Apache stellt in seiner Standardkonfiguration immer seine volle Signatur bereit.
Wie hier z.B. auf einer “404 Not Found” Seite:
Die Informationen die Apache hier abstellt reichen, um gezielt nach Sicherheitslöchern zu scannen.
Mit etwas Pech lacht irgendwann eine weiße Seite mit einem “You´re hacked by Kr455l0rd” entgegen.
Um es den “bösen” Jungs etwas schwieriger zu machen sind folgende Modifikation an der Apache Konfiguration zu erledigen:
Ausschalten der Apache “ServerSignature”
Ich gehe hier von einem Debian Squeeze System mit Apache 2.2.x aus.
Öffnet die Apache Security Konfig
1
vi /etc/apache2/conf.d/security
Hier sucht ihr nach dem eintrag “ServerSignature” und stellt diesen auf “Off”
Danach widmen wir uns dem Eintrag “ServerTokens”
Bei ServerTokens können folgende Optionen eingestellt werden:
- Prod (Server: Apache)
- Min (Server: Apache/2.2.0)
- OS (Server: Apache/2.2.0 (Unix))
- Full (Apache/2.2.0 (Unix) PHP/5.0)
Stellt hier auf “Prod” um möglichst wenig Informationen über euer System Preis zu geben.

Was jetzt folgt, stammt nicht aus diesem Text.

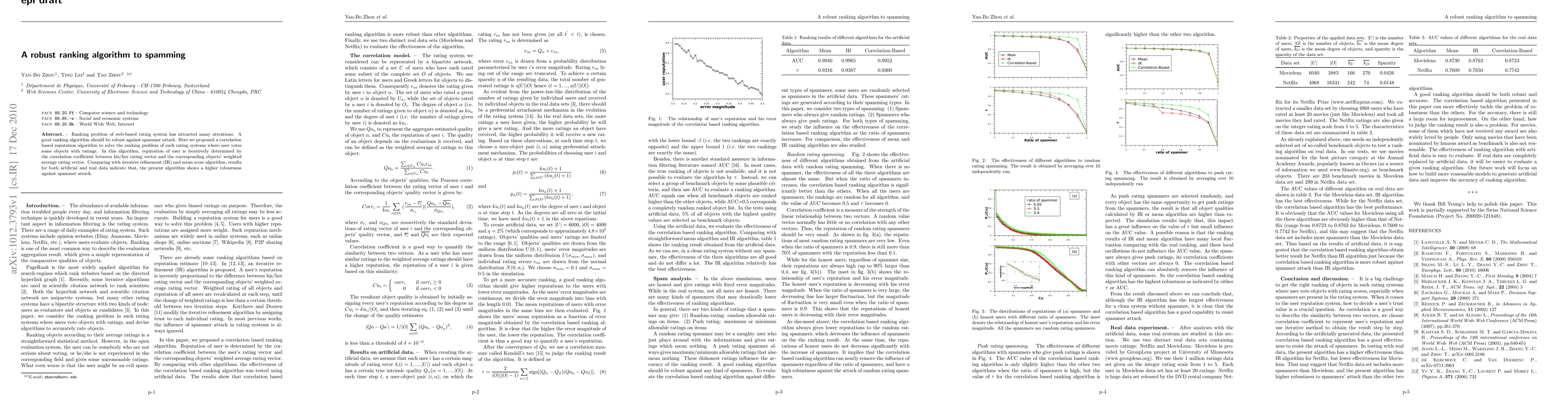 This paper proposes a correlation-based reputation algorithm to enhance the robustness of web-based rating systems against spammer attacks. The algorithm iteratively determines user reputation through correlation coefficients between user ratings and object average ratings, demonstrating higher robustness compared to iterative refinement and mean score methods.
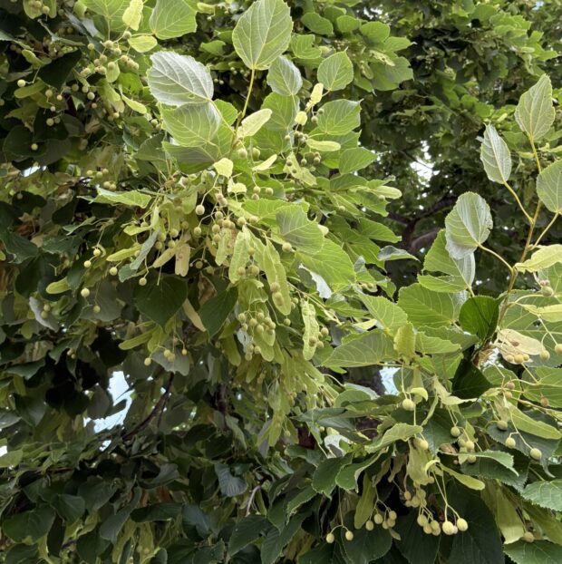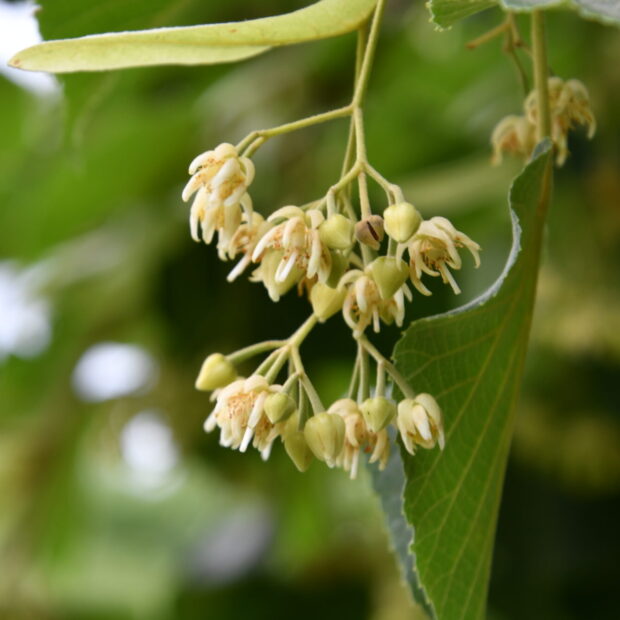 夏、 淡い黄色の小さな花を咲かせます。 花は柄の先に房のようにまとまり、 垂れ下がります。 さわやかで甘い香りがするので、 たくさんの虫が集まります。

Ausschalten der Mitteilungsbedürftigkeit von PHP
Öffnet eure “php.ini” und sucht nach dem Eintrag “expose_php” und stellt diesen auf “Off”
Jetzt müsst ihr nur noch Apache einmal durch starten.
Um offene Connections nicht zu schließen folgendes ausführen:
1
apachectl graceful
Damit wird Apache angewiesen nur Prozesse neuzustarten die gerade nicht benutzt werden.
Und der “harte” weg:
1
/etc/init.d/apache2 restart
Damit sind nun endgültig die Apache ServerSignature entschärft und ihr ein kleines bisschen sicherer.